● TASK BRIEF
Skipping all pictures, set down the lines of the listing from the first through the one with "A rendszer számos".
***** RECORDS PROVIDED *****
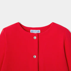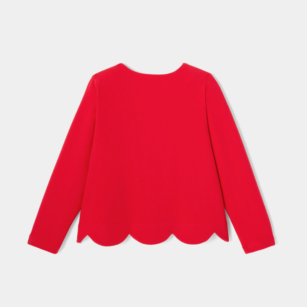 柔らかなオーガニックフリースのカーディガンは日常着にぴったり。スカラップの裾がモダンなデザイン。肌寒い季節にブラウスやTシャツの羽織りとしてもおすすめです。
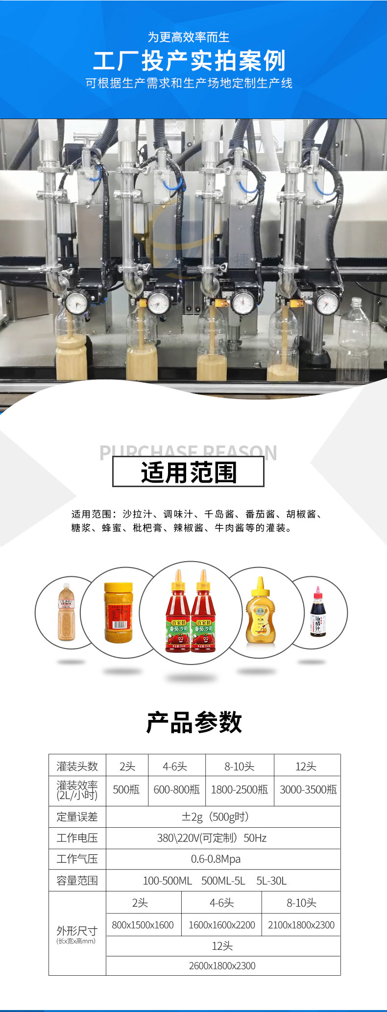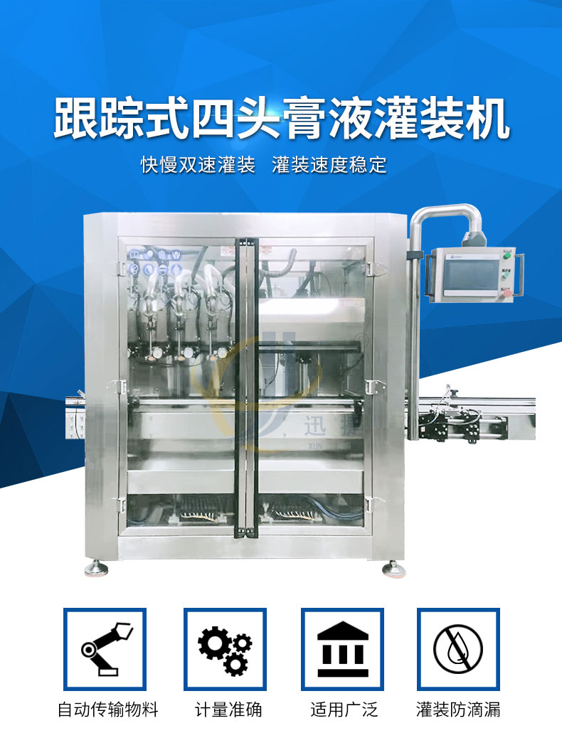 追蹤式膏液灌裝機適用范圍:沙拉汁、調(diào)味汁、千島醬、番茄醬、胡椒醬、糖漿、蜂蜜、枇杷膏、辣椒醬、牛肉醬等的灌裝。
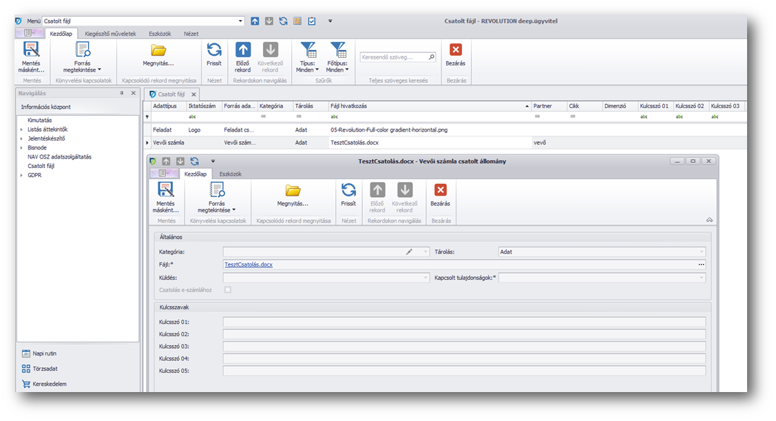 A rendszer számos helyen kínál lehetőséget egy létrehozott bizonylathoz külső dokumentum fájl becsatolására. Ilyen például a szállítói szállítólevélbe belépve a csatolt állományok lapfül. A menüpont lehetővé teszi a csatolt fájlok megjelenítését egy közös listanézetben.
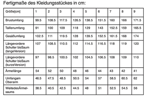 Um für dich die richtige Größe (1-9) zu finden, messe erst deinen Brustumfang. Dann addiere ca. 15 – 20cm hinzu, je nachdem, wie weit du deinen Mantel nähen möchtest. Anhand dieses Maßes, kannst du in der Tabelle deine Größe finden.  Passe deinen Schnitt im Gesäßbereich an, wenn nötig.
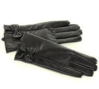 Rękawiczki damskie z eko skóry z kokardką - czarne
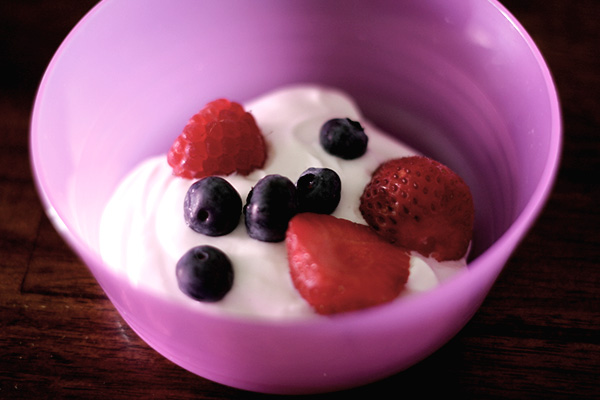 Alles mit einer Gabel zusammenrühren und mit Erdbeeren, Himbeeren und Heidelbeeren garnieren. Yummy!
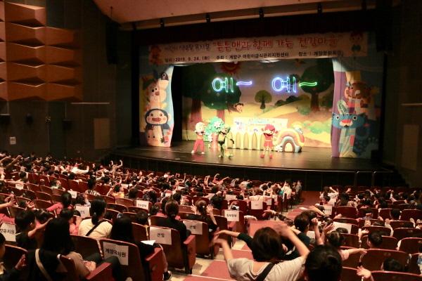 계양구 어린이급식관리지원센터는 지난 24일 식생활개선 교육 뮤지컬 ‘튼튼맨과 함께 가는 건강마을’ 공연을 계양문화회관 공연장에서 총 2회 실시했다.
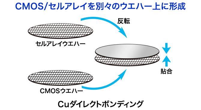 この複雑な形状を持つセルアレイウエハーとほぼ反りが無いCMOSウエハーを、前述のように数百 nm以下のズレで貼り合わせています。これは例えるなら、ゴルフで200ヤード飛ばしたボールをピンからほんの数ミリもずれない位置に何度も落とすくらいの非常に微細なズレということになります。ここでもCBA構造は非常に高いCuダイレクトボンディングプロセス制御性を実現していることが分かります。
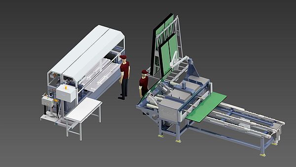Die Glasscheibe wird über den Glasquertransport zum Kipptisch befördert, wo diese in eine horizontale Lage geschwenkt und in die Türvormontage gefahren wird. Der Bediener setzt die, mit Kleber versehenen, Rahmenteile auf die Scheibe. In der Türmontage werden die Teile gleichmäßig aufgedrückt.
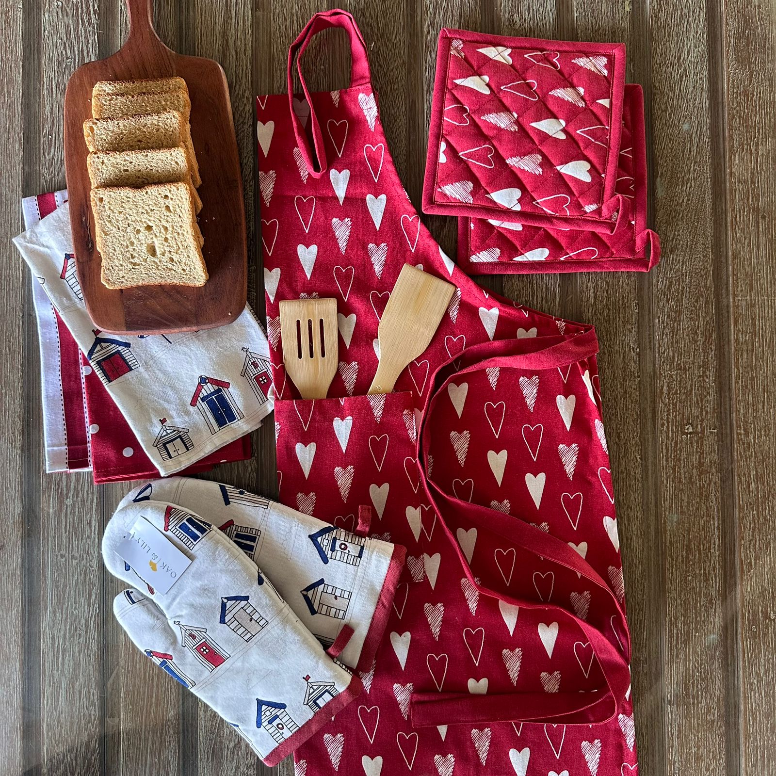 Oak & Lily Kitchen Combo – Red Hearts Apron, Pot Holders with Sailor Hut Mittens | 100% Cotton | Heat Resistant | European Quality
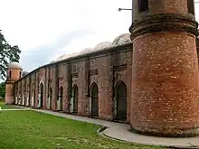 Lalbagh Fort is an incomplete 17th century Mughal fort complex in Dhaka, Bangladesh.[24] This fort (also known as Fort Aurangabad)stands proudly before the Buriganga River in the southwestern part of Dhaka, Bangladesh.[1] The construction was started in 1678 AD by Mughal Subahdar Muhammad Azam Shah. For long the fort was considered to be a combination of three buildings (the mosque, the tomb of Bibi Pari and the Diwan-i-Aam), with two gateways and a portion of the partly damaged fortification wall. Recent excavations carried out by the Department of Archaeology have revealed the existence of other structures.
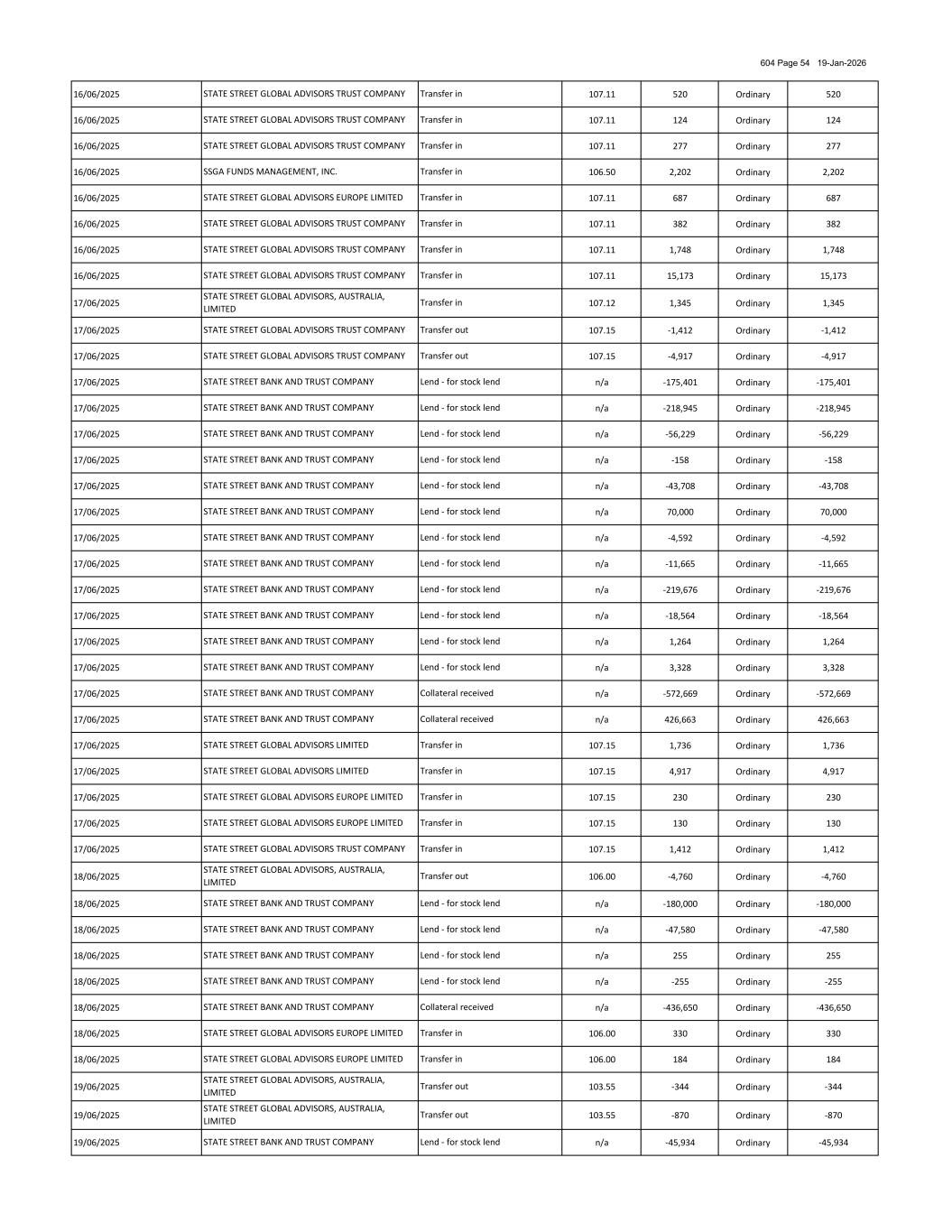 604 Page 53 19-Jan-2026 13/06/2025 106.38 531 Ordinary 531 13/06/2025 106.38 -435 Ordinary -435 13/06/2025 n/a 317 Ordinary 317 13/06/2025 n/a 162,000 Ordinary 162,000 13/06/2025 n/a 115 Ordinary 115 13/06/2025 n/a -115 Ordinary -115 13/06/2025 n/a -317 Ordinary -317 13/06/2025 n/a 64,183 Ordinary 64,183 13/06/2025 n/a -274 Ordinary -274 13/06/2025 106.38 13,290 Ordinary 13,290 13/06/2025 n/a -7,816 Ordinary -7,816 13/06/2025 n/a 7,816 Ordinary 7,816 13/06/2025 n/a -4,058 Ordinary -4,058 13/06/2025 n/a 4,058 Ordinary 4,058 13/06/2025 n/a -43,212 Ordinary -43,212 13/06/2025 n/a 41,490 Ordinary 41,490 13/06/2025 106.38 763 Ordinary 763 13/06/2025 106.38 63 Ordinary 63 16/06/2025 106.50 -242 Ordinary -242 16/06/2025 107.11 -688 Ordinary -688 16/06/2025 107.11 -688 Ordinary -688 16/06/2025 107.11 435 Ordinary 435 16/06/2025 107.11 -382 Ordinary -382 16/06/2025 107.11 -1,748 Ordinary -1,748 16/06/2025 107.11 -520 Ordinary -520 16/06/2025 n/a 15,772 Ordinary 15,772 16/06/2025 n/a 12,265 Ordinary 12,265 16/06/2025 n/a 1,973 Ordinary 1,973 16/06/2025 n/a 138,955 Ordinary 138,955 16/06/2025 n/a 222 Ordinary 222 16/06/2025 n/a 18,000 Ordinary 18,000 16/06/2025 n/a 255 Ordinary 255 16/06/2025 n/a -255 Ordinary -255 16/06/2025 n/a 56,246 Ordinary 56,246 16/06/2025 n/a 3,536 Ordinary 3,536 16/06/2025 n/a 4,572 Ordinary 4,572 16/06/2025 n/a 155,381 Ordinary 155,381 16/06/2025 n/a -6,657 Ordinary -6,657 16/06/2025 n/a -308,324 Ordinary -308,324 16/06/2025 n/a 572,669 Ordinary 572,669 16/06/2025 n/a -26,069 Ordinary -26,069 Transfer in STATE STREET BANK AND TRUST COMPANY Lend - for stock lend Collateral received STATE STREET BANK AND TRUST COMPANY STATE STREET BANK AND TRUST COMPANY Lend - for stock lend STATE STREET BANK AND TRUST COMPANY Transfer in STATE STREET BANK AND TRUST COMPANY Collateral received Lend - for stock lend STATE STREET BANK AND TRUST COMPANY STATE STREET BANK AND TRUST COMPANY SSGA FUNDS MANAGEMENT, INC. STATE STREET BANK AND TRUST COMPANY Transfer out Collateral received Lend - for stock lend Collateral received STATE STREET GLOBAL ADVISORS EUROPE LIMITED STATE STREET BANK AND TRUST COMPANY STATE STREET BANK AND TRUST COMPANY Lend - for stock lend Lend - for stock lend STATE STREET BANK AND TRUST COMPANY STATE STREET GLOBAL ADVISORS TRUST COMPANY STATE STREET BANK AND TRUST COMPANY STATE STREET BANK AND TRUST COMPANY Transfer out Collateral received Lend - for stock lend STATE STREET BANK AND TRUST COMPANY Collateral received Transfer in Lend - for stock lend STATE STREET BANK AND TRUST COMPANY STATE STREET GLOBAL ADVISORS, AUSTRALIA, LIMITED Collateral received STATE STREET BANK AND TRUST COMPANY Transfer in Transfer out Transfer in STATE STREET BANK AND TRUST COMPANY STATE STREET BANK AND TRUST COMPANY STATE STREET GLOBAL ADVISORS, AUSTRALIA, LIMITED Transfer out Lend - for stock lend STATE STREET GLOBAL ADVISORS, AUSTRALIA, LIMITED STATE STREET GLOBAL ADVISORS, AUSTRALIA, LIMITED Transfer out Lend - for stock lend STATE STREET GLOBAL ADVISORS LIMITED STATE STREET BANK AND TRUST COMPANY Transfer out STATE STREET GLOBAL ADVISORS TRUST COMPANY STATE STREET BANK AND TRUST COMPANY Collateral received Lend - for stock lend Transfer out STATE STREET GLOBAL ADVISORS TRUST COMPANY STATE STREET BANK AND TRUST COMPANY STATE STREET BANK AND TRUST COMPANY Collateral received Lend - for stock lend Lend - for stock lend Lend - for stock lend STATE STREET BANK AND TRUST COMPANY STATE STREET GLOBAL ADVISORS, AUSTRALIA, LIMITED STATE STREET GLOBAL ADVISORS TRUST COMPANY Lend - for stock lend Collateral received STATE STREET BANK AND TRUST COMPANY STATE STREET BANK AND TRUST COMPANY Lend - for stock lend STATE STREET BANK AND TRUST COMPANY STATE STREET BANK AND TRUST COMPANY STATE STREET BANK AND TRUST COMPANY Lend - for stock lend Collateral received Lend - for stock lend STATE STREET BANK AND TRUST COMPANY
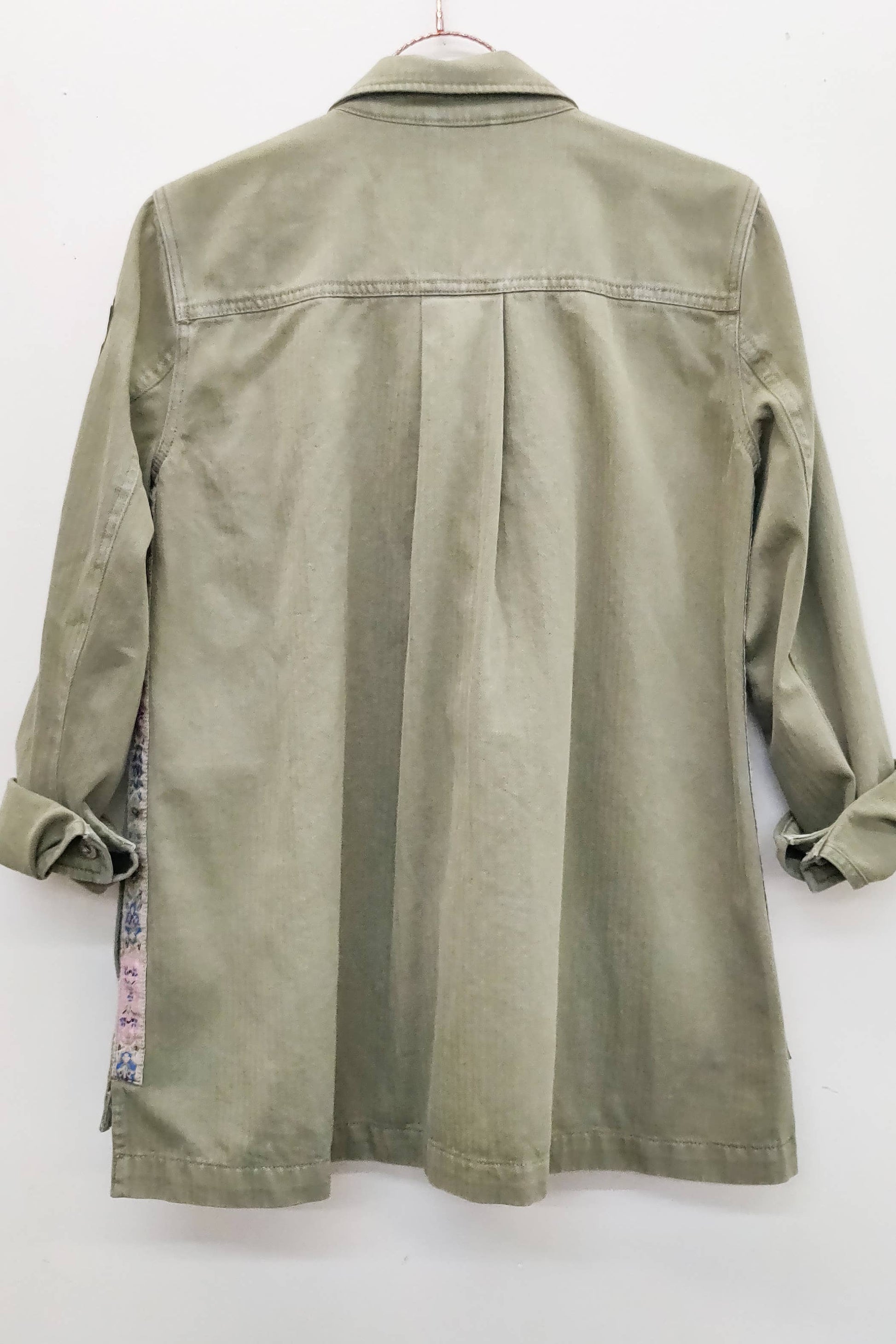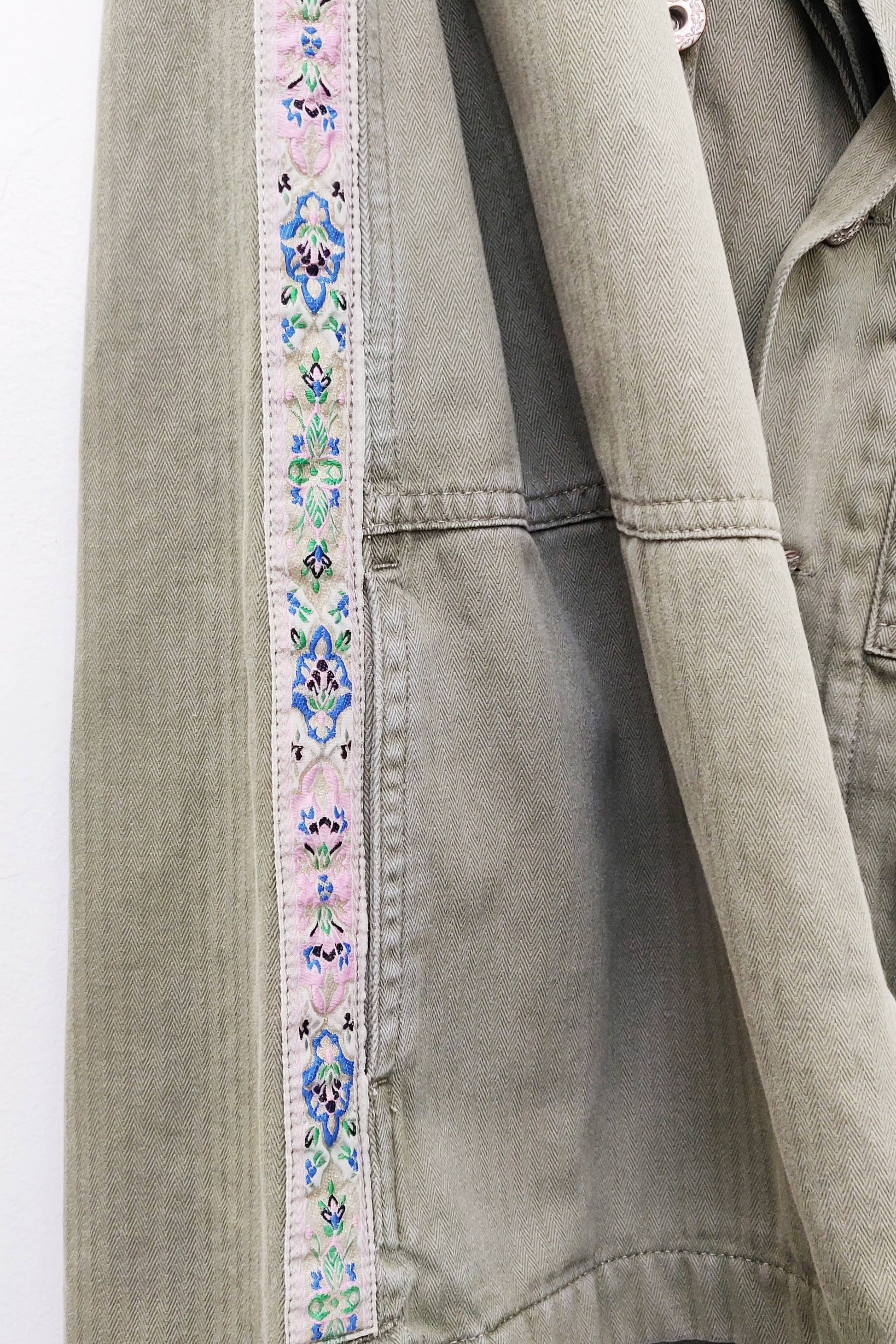 * Twill weave cotton army button-up jacket with royal/bee patches on left sleeve, pins on
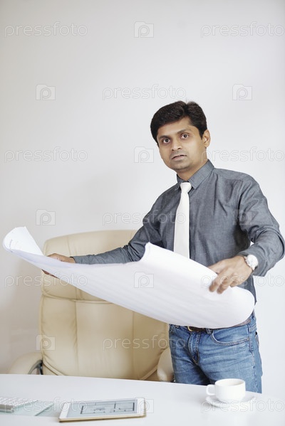 Архитектор, работающий с чертежом
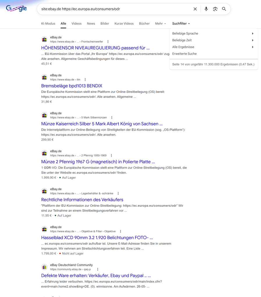 Trotz der Abschaltung der EU-weiten Online-Streitbeilegungsplattform (OS-Plattform) und der damit verbundenen Änderung der Informationspflichten tauchen in Angeboten, Shop-Rechtstexten und AGB auf eBay noch immer Millionen alter Verweise auf diese nicht mehr existierende Seite auf. Eine Auswertung aktueller Daten ergab, dass mehr als 11 Millionen Links zur früheren OS-Plattform auf eBay zeigen.
*****
● SOLUTION TO THE EXERCISE
 柔らかなオーガニックフリースのカーディガンは日常着にぴったり。スカラップの裾がモダンなデザイン。肌寒い季節にブラウスやTシャツの羽織りとしてもおすすめです。
 追蹤式膏液灌裝機適用范圍:沙拉汁、調(diào)味汁、千島醬、番茄醬、胡椒醬、糖漿、蜂蜜、枇杷膏、辣椒醬、牛肉醬等的灌裝。
 A rendszer számos helyen kínál lehetőséget egy létrehozott bizonylathoz külső dokumentum fájl becsatolására. Ilyen például a szállítói szállítólevélbe belépve a csatolt állományok lapfül. A menüpont lehetővé teszi a csatolt fájlok megjelenítését egy közös listanézetben.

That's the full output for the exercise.